Ecco dunque che in tutte le regioni ad economia maggiormente sviluppata dell'Europa si è venuto a creare una sorta di esercito invisibile di emarginati esistenziali, individui di ogni età, uomini e donne, giovani ed anziani in "fuga permanente".
E' in questo contesto, e nella mancata risposta che è stata data dalle forze politiche organizzate, sempre più istituzionalizzate, che si è venuto a creare un pauroso vuoto di partecipazione: un vuoto che richiede una soluzione che, se vuole essere efficace e credibile, deve porsi al di fuori del piano istituzionalizzato, non deve cioè configurarsi come una soluzione di partito ma, piuttosto, come una soluzione di movimento. Una soluzione, inoltre, che deve far leva su quei principi fondamentali dell'umanesimo che vegetano a livello teorico, astratto, senza riuscire a concretizzarsi, a calarsi sul piano sociale, a scendere nella realtà quotidiana e nelle pratiche di vita.
Il grande compito che ci attende è dunque quello di farci promotori, iniziatori, architetti di un progetto del genere. Un movimento collettivo, che non abbia bisogno di tessere per esistere, che non compaia sulla scena sociale come una meteora (per poi scomparire), ma un movimento con grandi ideali, che giustifichi le proprie azioni nel sociale sulla base delle idee-forza che propone.
E' in questo senso che si innesta, insieme all'idea di recuperare l'importante tradizione filosofico-culturale dell'umanesimo, quella di organizzare un movimento popolare. Un movimento e non un partito, si badi bene, perchè i grandi temi dell'umanesimo sono sì fondamentali e coinvolgenti, ma possono essere tenuti agevolmente separati dal discorso partitico-istituzionale propriamente detto, cioè dal problema specifico costituito dal governo dello Stato, dalle cariche e dagli incarichi strettamente politici, per concentrare tutta la loro forza innovativa e trasformatrice nella società, vale a dire nel complesso di quei rapporti esistenti fra gli individui che è lasciato libero di auto-organizzarsi secondo un tipo di regola che, al momento, è quella della divisione, della concorrenza, dell'avidità, dell'egoismo e dell'indifferenza verso il prossimo.
Possiamo immaginare un movimento a struttura fortemente decentrata, strutturato in unità locali autonome ed auto-organizzate secondo le necessità, le esigenze e le possibilità delle singole realtà territoriali. Possiamo immaginare che ciascuna unità locale sia organizzata in gruppi di lavoro, ciascuno dei quali orientato verso specifiche attività di tipo sociale e culturale.
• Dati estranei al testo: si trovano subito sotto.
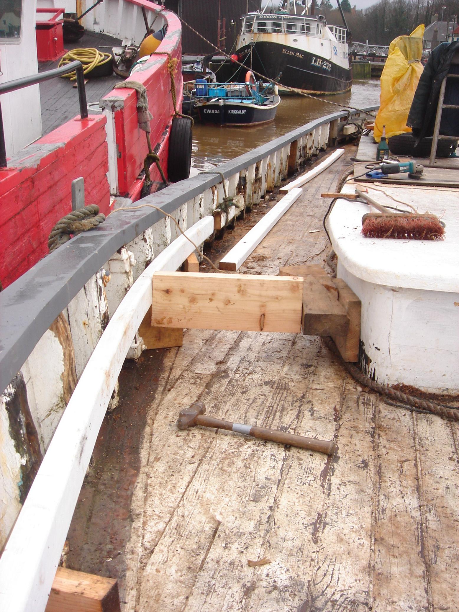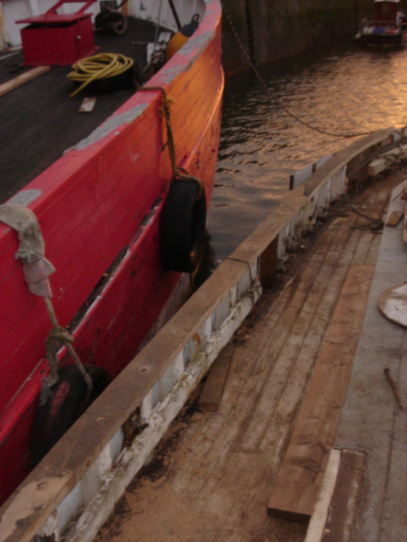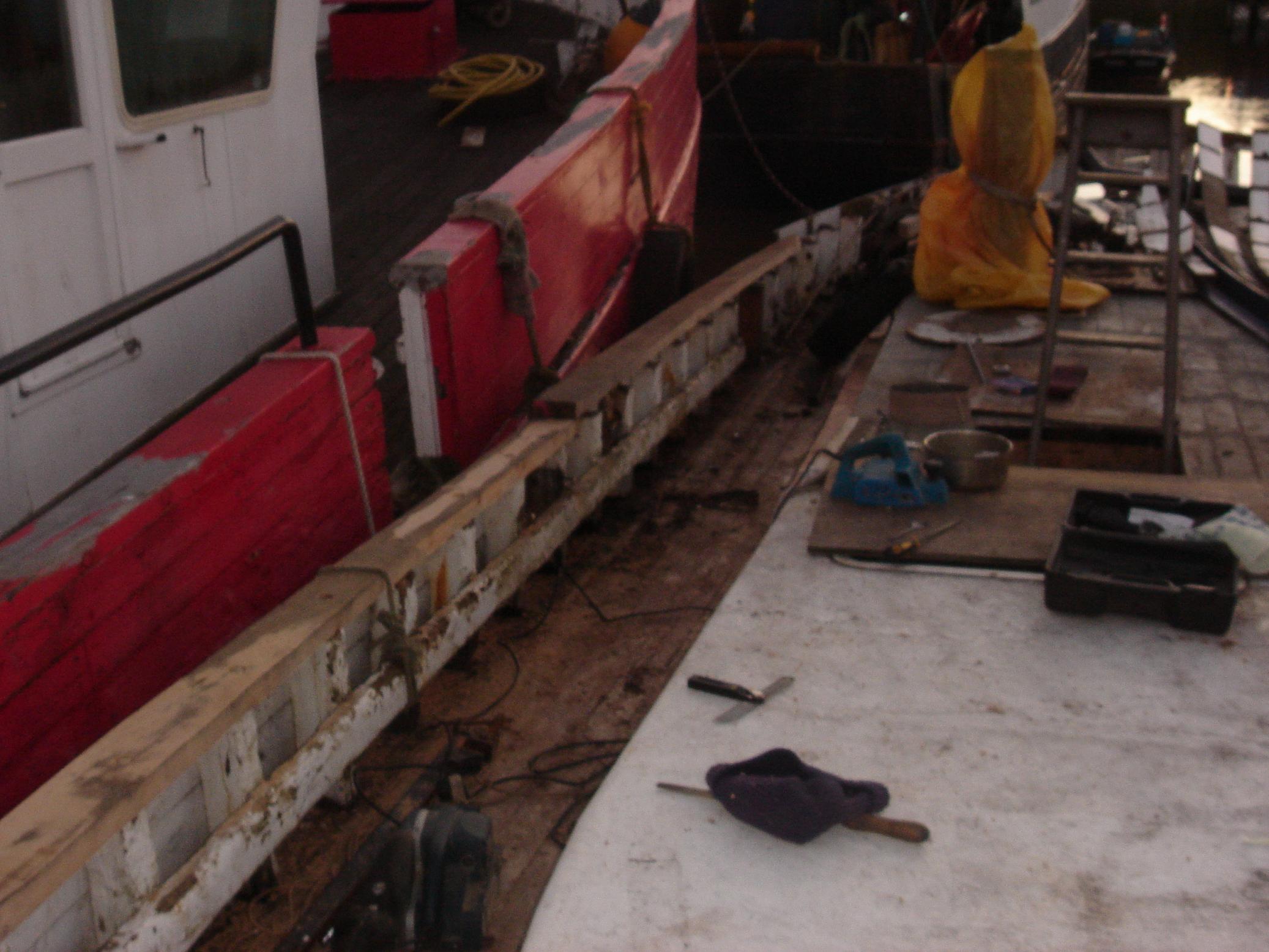 | 08/11/2013 | The rubbing strake, port side has a new top surface. Originally to be replaced but a 7"x3.75" beam, through bolted, was just too much… | DSCN4179 |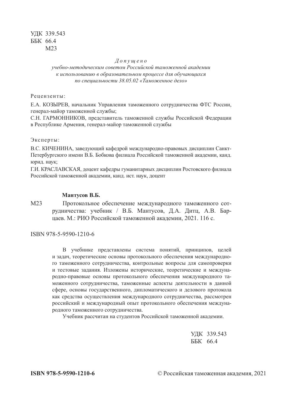 В учебнике представлены система понятий, принципов, целей и задач, теоретические основы протокольного обеспечения международного таможенного сотрудничества, контрольные вопросы для самопроверки и тестовые задания. Изложены исторические, теоретические и международно-правовые основы протокольного обеспечения международного таможенного сотрудничества, таможенные аспекты деятельности в данной сфере, основы государственного, дипломатического и делового протокола как средства осуществления международного сотрудничества, рассмотрен российский и международный опыт протокольного обеспечения международного таможенного сотрудничества.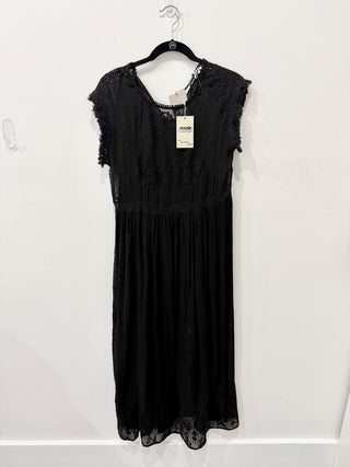 NWT Zara Sleeveless Embroidered Lace Midi Dress with Slip Black Women's Size S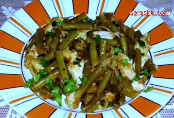 Для приготовления потребуются 600 грамм курицы, 130 грамм лука, 110 грамм топлёного масла, 900 грамм стручковой фасоли, 200 грамм томатов, 50 грамм зелени петрушки, поваренная соль, чёрный свежемолотый перец.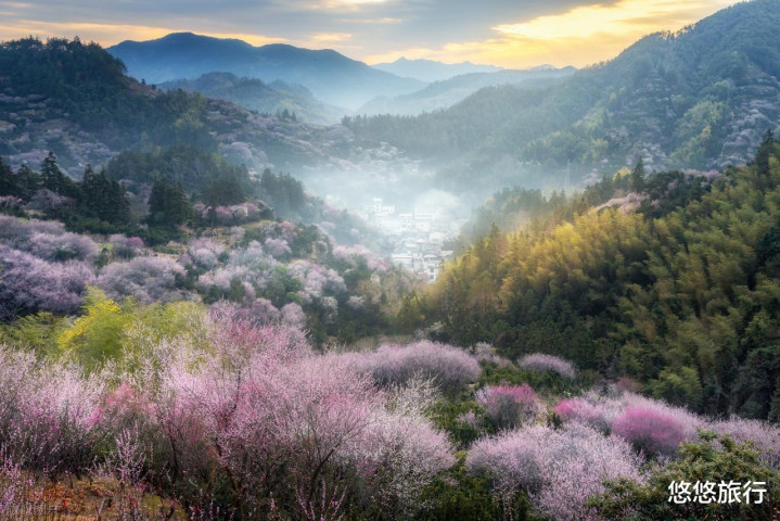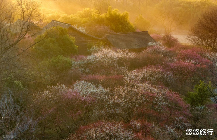 2月中旬,村子周围的山腰至山顶层层叠叠的野生梅林,粉白交织如云霞。

Possiamo immaginare, per esempio, l'esistenza di tanti gruppi-base che comprendano tutti i simpatizzanti, coloro che vogliono partecipare alle iniziative promosse dal movimento o, meglio, dai gruppi di lavoro più specifici; tra essi possiamo immaginare la costituzione e lo sviluppo di gruppi culturali, gruppi artistici, gruppi-pensiero, gruppi-azione, gruppi-ambiente, gruppi di comunicazione, gruppi di cooperazione e gruppi-vita; ciascun gruppo eleggerebbe o sorteggerebbe propri rappresentanti i quali confluirebbero, con i rappresentanti di altri gruppi del medesimo territorio, in un gruppo di coordinamento su base locale, dal quale altri rappresentanti potrebbero unirsi ai rappresentanti di gruppi simili in territori vicini per costituire gruppi di coordinamento su base territoriale più ampia, col compito specifico di garantire la coerenza delle molteplici attività del movimento sulla base dei valori umansitici da esso proposti.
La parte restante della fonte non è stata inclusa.